Saturday, March 10, 2007

Lion Grotesque

These are two of the projects I did as a scenic painting intern at The Seattle Repertory Theatre.

Sculpture 1'-6" x 2'-7" x 5"

I started the sculpture first. After building up layers of aluminum foil on a plywood base and applying a protective coating, I started the marble painting. I researching different types of real life marble, and then pushing the color and contrast in my painted rendition. Then I lit the unpainted sculpture as a model for a charcoal value study and the final trompe l'oeil painting over the marble base. After finishing off the sculpture with its distressed and textured paint treatment, I was eventually able to remove the plywood backing and replace it with a simple frame. 

Fantasy Marble 3'-7" x 6'

Thursday, February 1, 2007

Portrait of Lawrence Lee after Anton Raphael Mengs

3'-0" x 4'-0"

This was one of my internship projects at Seattle Repertory Theater. The idea was to swap a contemporary person into a historical painting, as if you needed an on-stage portrait to both look like the actor/actress playing the role and be period appropriate. Above is my painting of Lawrence Lee, a friend of mine, after a self-portrait by Anton Raphael Mengs, circa 1775 (below). Note: the reference I was working with was printed in a book. It was darker and didn't quite match the web copy I found for this blog post. 

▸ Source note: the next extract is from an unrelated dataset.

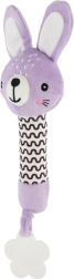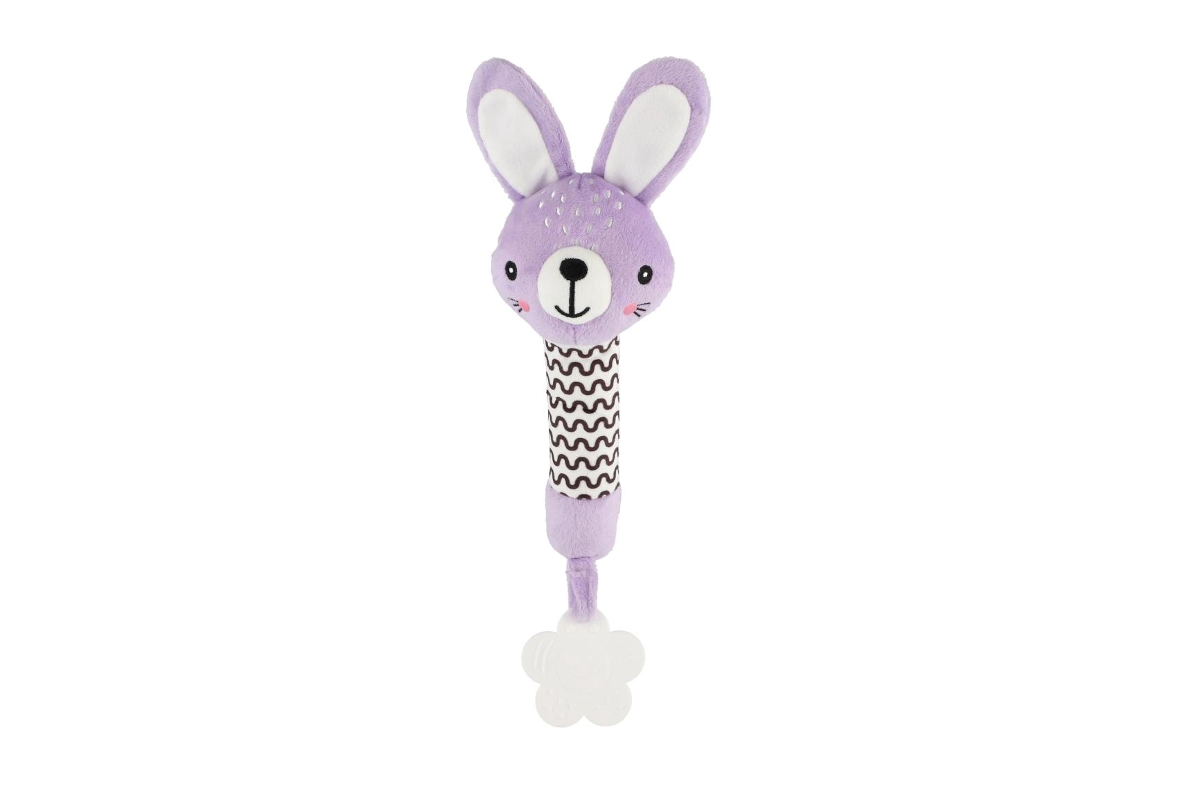 Το μωβ λούτρινο λαγουδάκι είναι ιδανικό πρώτο παιχνίδι για νεογέννητα. Η ελαφριά κατασκευή και το μακρύ μαλακό σώμα κρατιούνται άνετα σε μικρά χεράκια και με το πάτημα παράγουν απαλό ήχο σφυρίχτρας, που φυσικά τραβά την προσοχή του μωρού και υποστηρίζει την αντίληψη των ήχων.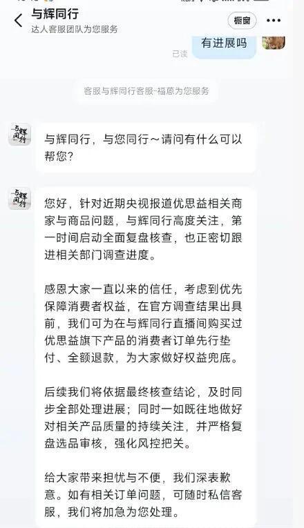 记者第三次询问时,工作人员表示,“考虑到优先保障消费者权益,在官方调查结果出具前,可为在与辉同行直播间购买过优思益旗下产品的消费者订单先行垫付、全额退款,为大家做好权益兜底。”

To get a rich black background which would stay dark under bright stage lights, the painting is on a black velour. I started by overlaying a transparency grid on the reference and stretching a corresponding string grid over the canvas. Then I transferred the drawing over in white chalk and carefully dry-brushed an under-painting in white; a heavily loaded brush would just clump and mat up the nap of the velour. The grey scale pass was essential to getting any of the other colors to read since the black velour so voraciously sucked up any available light.